= Work order =
I'd like the data below restated word for word, with the pictures left out.

---------- Available data ----------

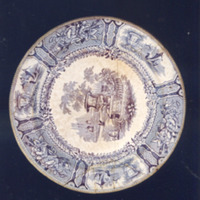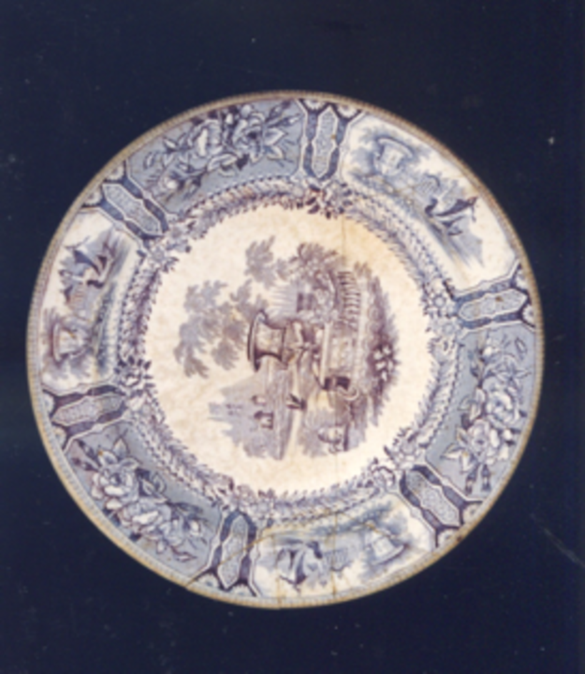 Prato chairo de bordo liso e decoración estampada en violeta.
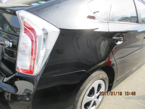 トヨタプリウス リヤ周りひどいへこみ実費にて板金塗装修理 0564-32-6961 〒444-0908 愛知県岡崎市橋目町大師25番地 土日祝営業! 営業時間 AM9:00〜PM8:00(ご来店前にご連絡ください)
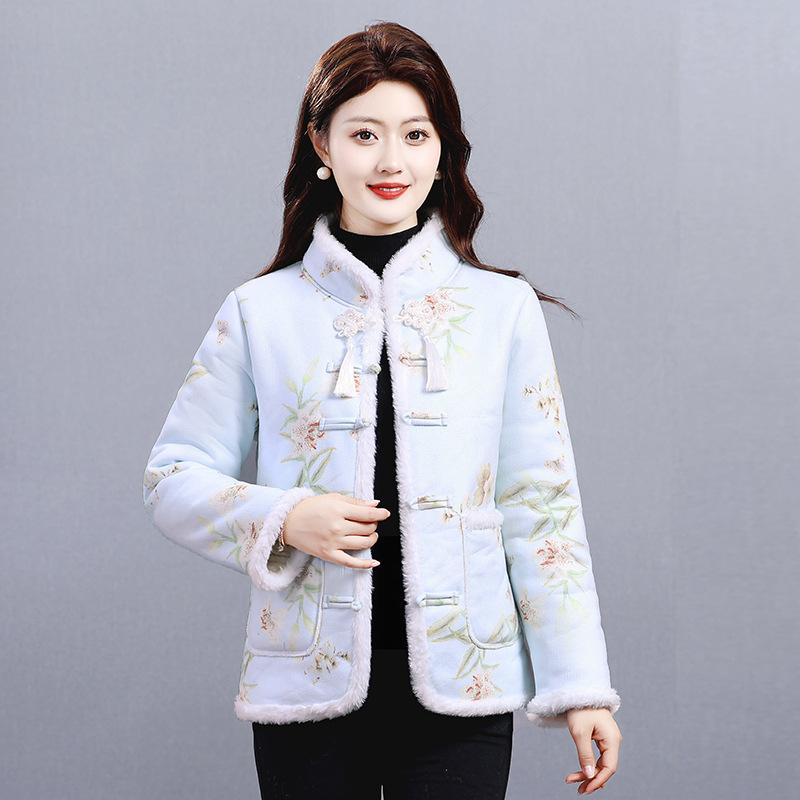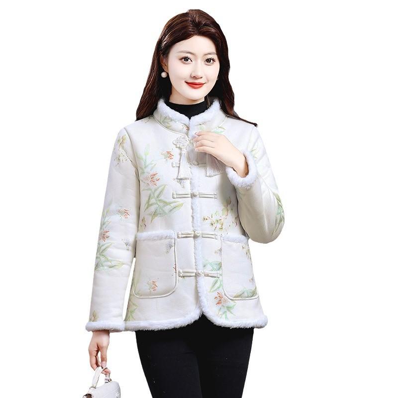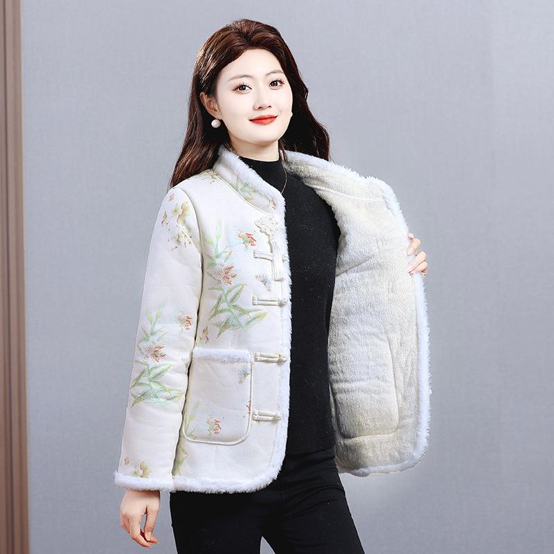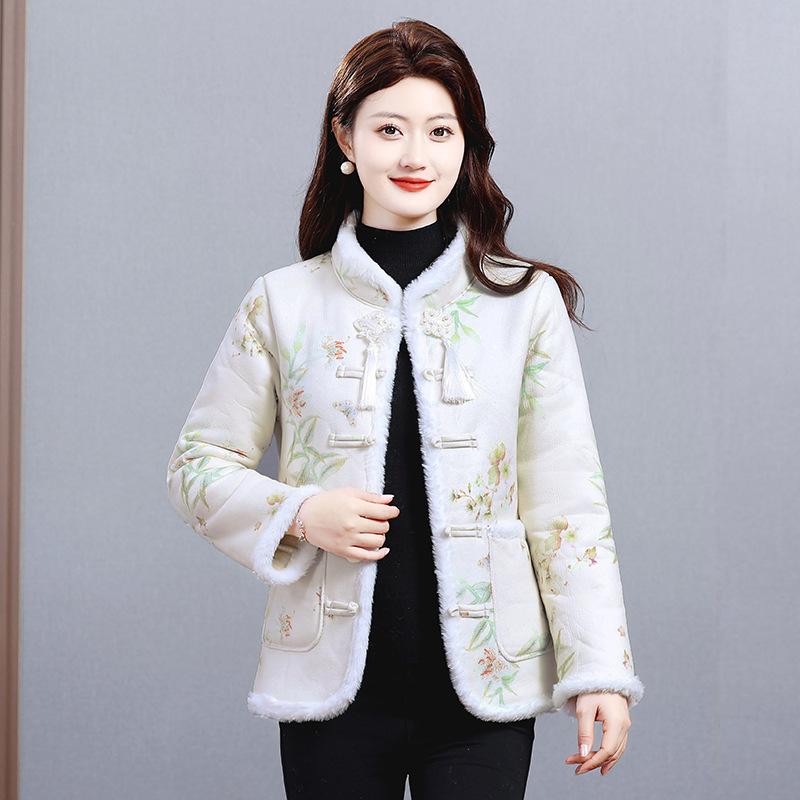 Флисовая одежда для женщин среднего возраста, матерей, этнический стиль, иностранный стиль, теплая, популярная куртка с хлопковой подкладкой
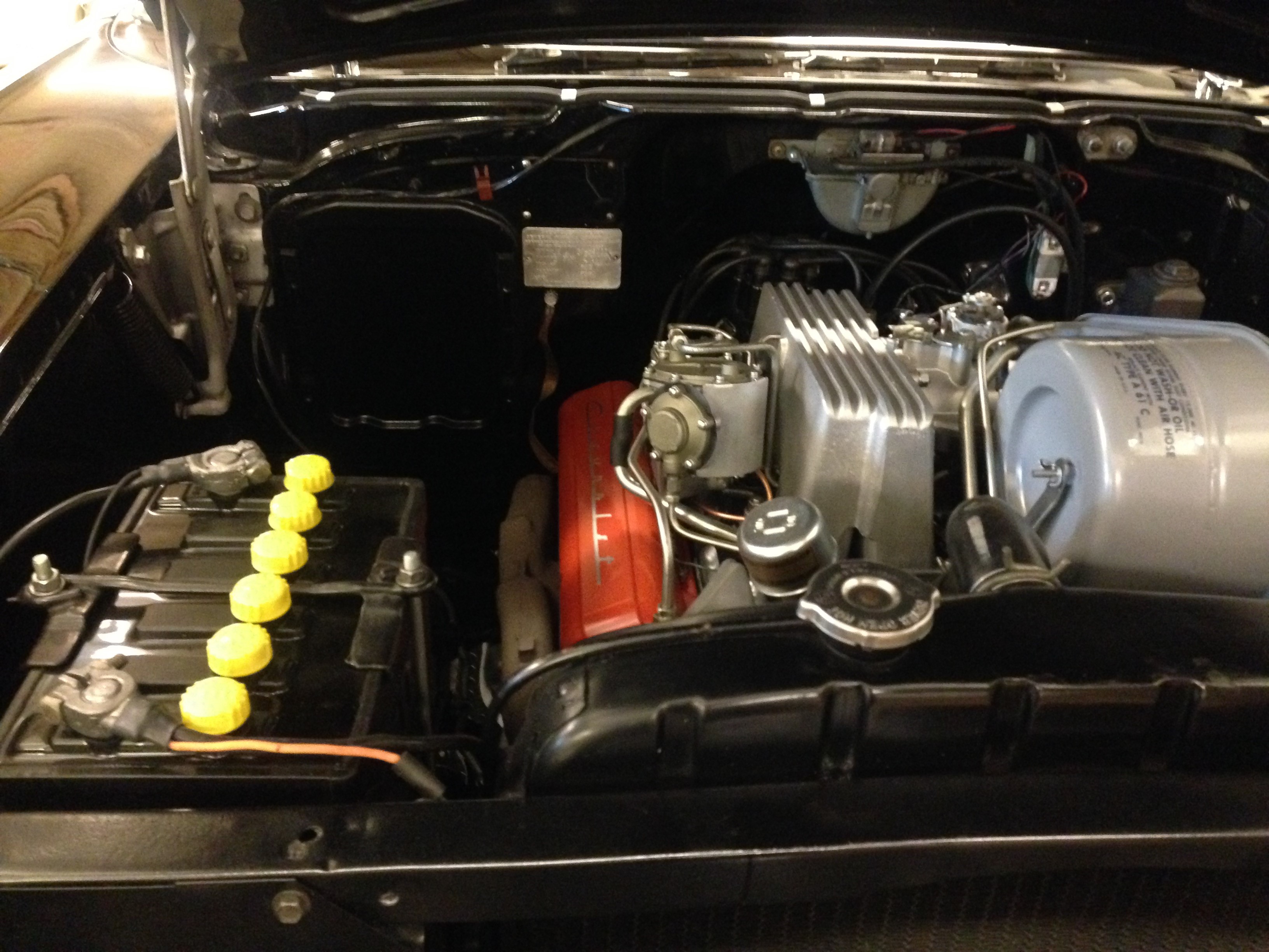 My ’57 is a 2 – door post car 150 series and black in color. It was probably a drag race car in its day as it has a 283/283 Fuel Injection system, 3 speed close ratio and many deleted items like back seat, radio, heater, clock, etc. It is all original and very well preserved.

----------

= Result =
 Prato chairo de bordo liso e decoración estampada en violeta.
 トヨタプリウス リヤ周りひどいへこみ実費にて板金塗装修理 0564-32-6961 〒444-0908 愛知県岡崎市橋目町大師25番地 土日祝営業! 営業時間 AM9:00〜PM8:00(ご来店前にご連絡ください)
 Флисовая одежда для женщин среднего возраста, матерей, этнический стиль, иностранный стиль, теплая, популярная куртка с хлопковой подкладкой
 My ’57 is a 2 – door post car 150 series and black in color. It was probably a drag race car in its day as it has a 283/283 Fuel Injection system, 3 speed close ratio and many deleted items like back seat, radio, heater, clock, etc. It is all original and very well preserved.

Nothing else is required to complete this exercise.